Early this morning, well before the sun began to rise over the Washington horizon, a lonely world leader sat in his isolation and tweeted. He tweeted about his angst and the way the media treated him.
And he tweeted a word that nobody heard of— a word that left his great nation scratching their heads and saying “what the [bleep] is a ‘covfefe’?”
Yes, the Simpsons was right again. The leader of the free world was seemingly sitting in bed, drunk tweeting at midnight.
Okay, to be fair, he wasn’t drunk.
And to be fair again, he isn’t the leader of the free world. The real leader of the free world doesn’t have a huge social media presence and is too busy campaigning for re-election in Germany.
Why does it even matter and why am I wasting my precious time talking about “covfefe”?
Well, the problem with “covfefe” goes far beyond a simple typo. I mean, we’ve all had typos. But a world leader on a global stage should be far more cautious about what gets put before the public. After all, even some CEOs of major companies have their lawyers check their public statements before they send them out. That may be a direction the White House is moving in, as CNBC reports that lawyers may start checking Trump’s tweets.
One bad tweet could have far-reaching diplomatic ramifications.
A global leader has many followers, including the critics— foreign ones included. What a world leader says is critical to set the tone of that administration. It also sends a message to the world.
While “covfefe” means nothing and sends no real diplomatic message to anyone, it sends the subtle message that Trump really doesn’t think before he hits “send.” For a world leader, it’s critical to double-check any statement he makes to the public.
Today, it’s “covfefe”. Tomorrow, it’s a perceived nuclear threat to Germany, a national secret or even our nuclear codes (ok, that’s a stretch... or is it?). How is there any filter on what could be said by this president? Clearly, tweets are getting fired off without any vetting.
If we wanted to hear the internal monologue of a narcissist, we’d just follow Kanye West.
His angry tweets show how isolated he is.
The president should not showcase his vulnerabilities and weaknesses to the world. For someone like The Donald, who focuses so much of his energy on machismo (his handshakes are a great example), we get to see who he really is when all veils are removed in the wee hours of the night.
And what we see is a lonely old man with a bruised ego and a vendetta against the media.
As CNN said:
What we have today ― and, really, what we have had since the day Trump came into the White House ― is a deeply isolated President who spends lots of time, particularly at night and in the early morning, watching TV and tweeting.
The tweet showcases his social and intellectual immaturity.
A world leader should be poised and graceful. A world leader should pay attention to what he or she says and what the effects of it could be. A world leader’s social media accounts should not be an open mirror into the leader’s stream of consciousness. If we wanted to hear the internal monologue of a narcissist, we’d just follow Kanye West.
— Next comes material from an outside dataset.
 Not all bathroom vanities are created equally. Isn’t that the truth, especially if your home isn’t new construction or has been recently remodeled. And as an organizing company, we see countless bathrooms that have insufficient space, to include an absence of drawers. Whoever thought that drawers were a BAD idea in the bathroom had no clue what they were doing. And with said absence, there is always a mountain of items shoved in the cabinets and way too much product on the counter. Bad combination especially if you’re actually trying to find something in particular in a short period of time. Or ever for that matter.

But the fact that we can even draw that parallel to Kanye is in and of itself very disturbing. We’re beginning to see Donald Trump as nothing more than a meme.
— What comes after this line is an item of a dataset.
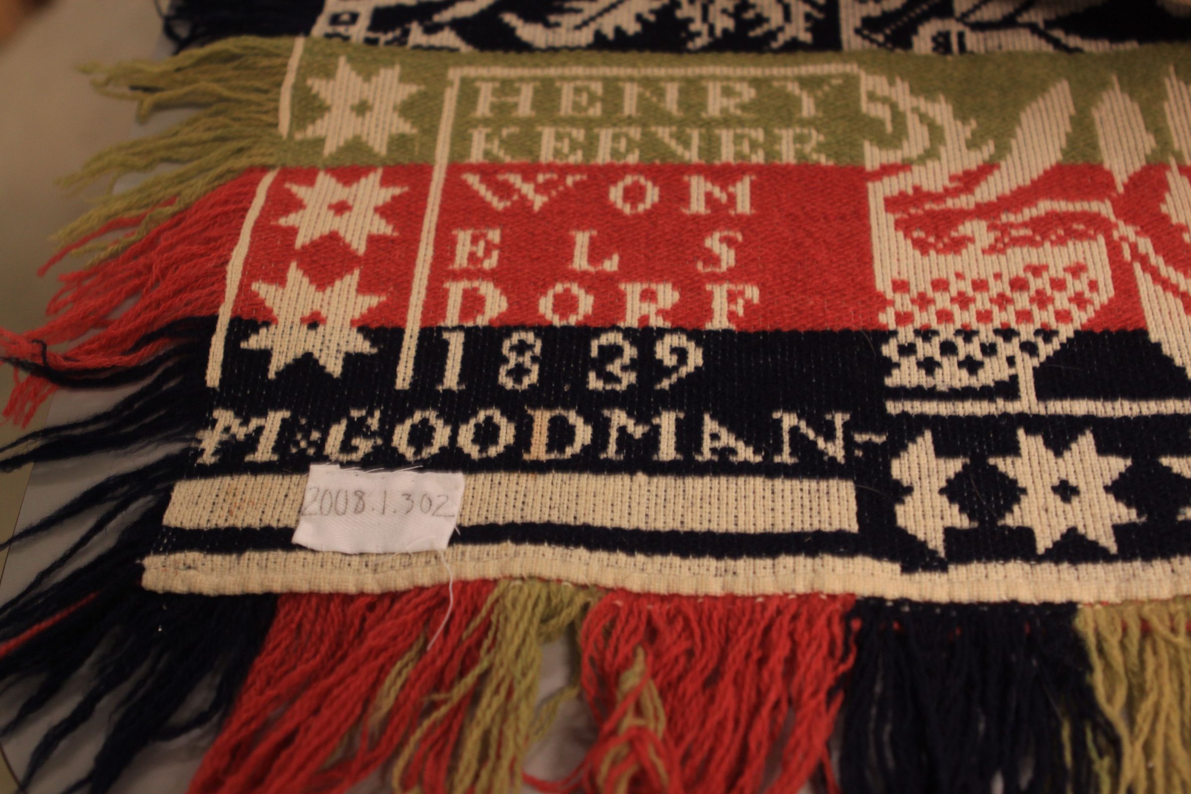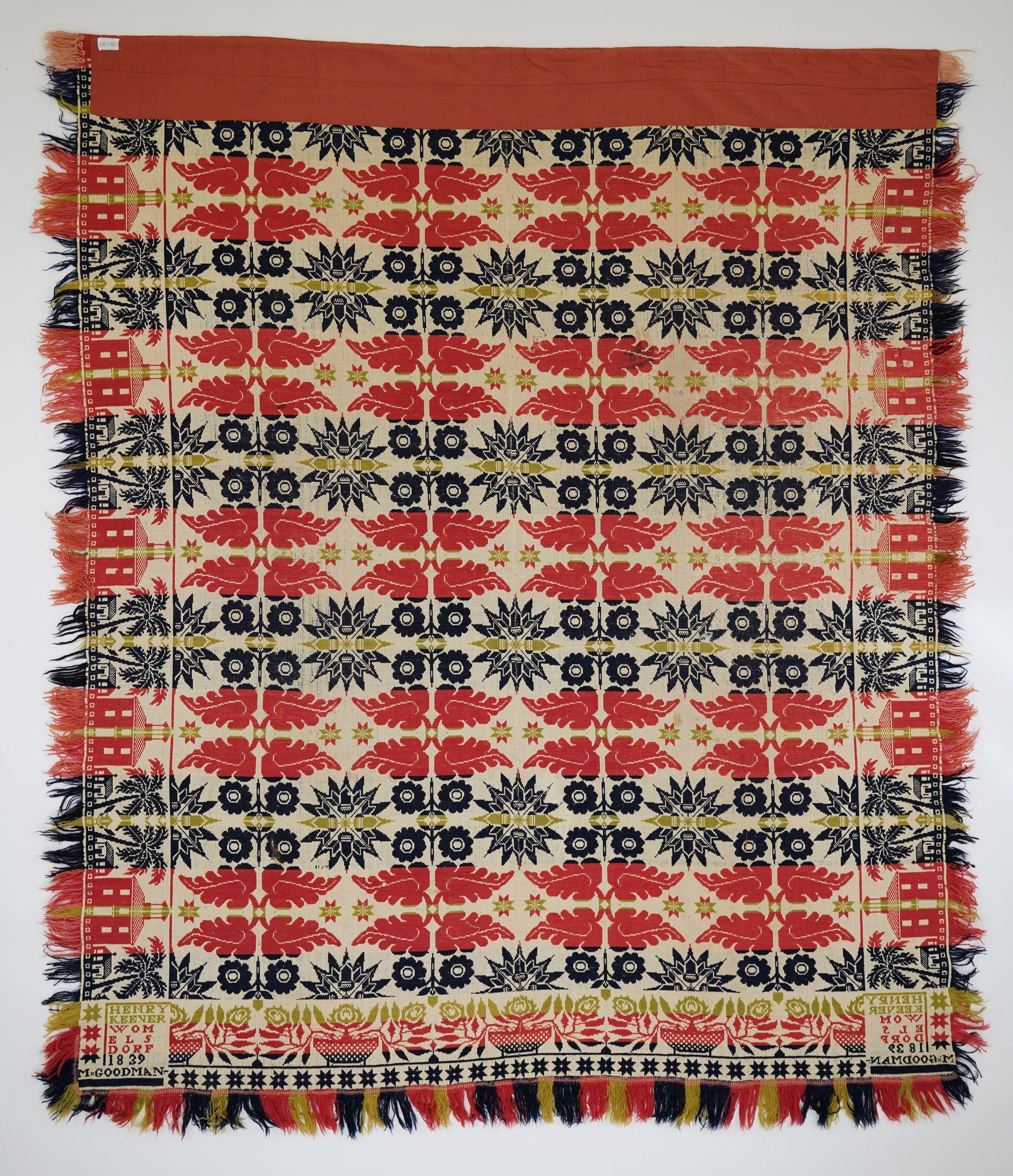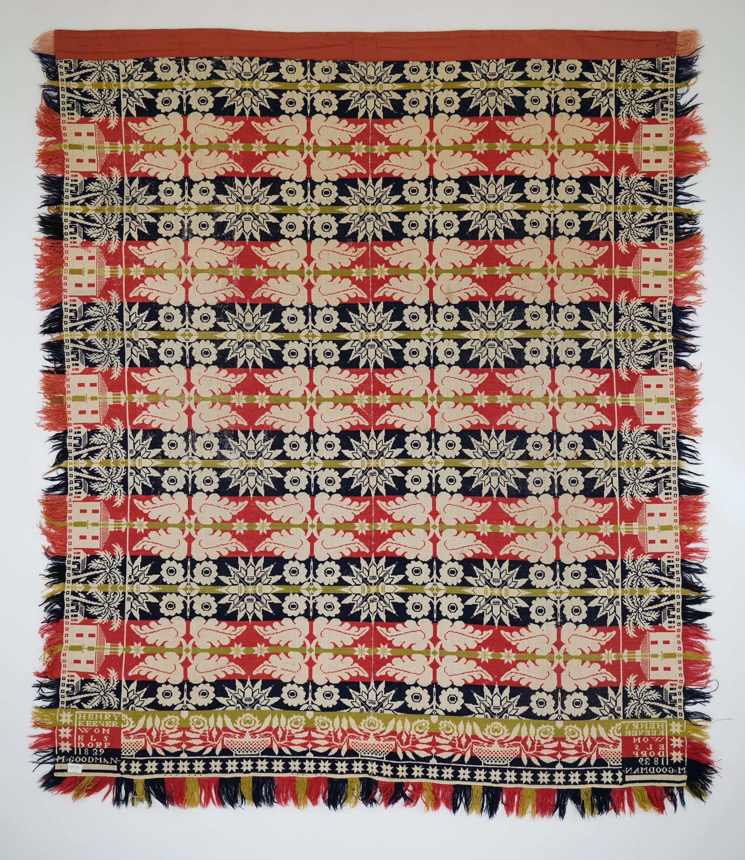 Beiderwand; navy, green, red, natural; two loom widths joined; self fringe on sides, applied fringe on bottom; side borders of palm trees, houses, school buildings or churches, plus 3 stars by each corner block; bottom border of stars under potted flowers; red cloth sewn to top border; rows of stars and leaves and flowers in centerfield, strips of colorCollection

What’s even more disturbing is that his late night tweets tell us what he’s doing at that hour, which is a stark contrast to what his predecessor, President Barack Obama, was doing at the same hour. As The New York Times wrote, Obama used to stay awake in his solitude as well, but instead of hate-tweeting the media and his political rivals, Obama would comb over briefings and write his speeches.
In short, “covfefe” doesn’t matter. It’s just another useless diversion from real news, such as the two brave men in Portland who lost their lives to a White Supremacist, the Kabul attacks this morning, or the fact that Trump’s recent visit to Europe created rifts with many global leaders.
As much as I love comedy, when will the White House give stop giving us meme-worthy moments and SNL-worthy press conferences?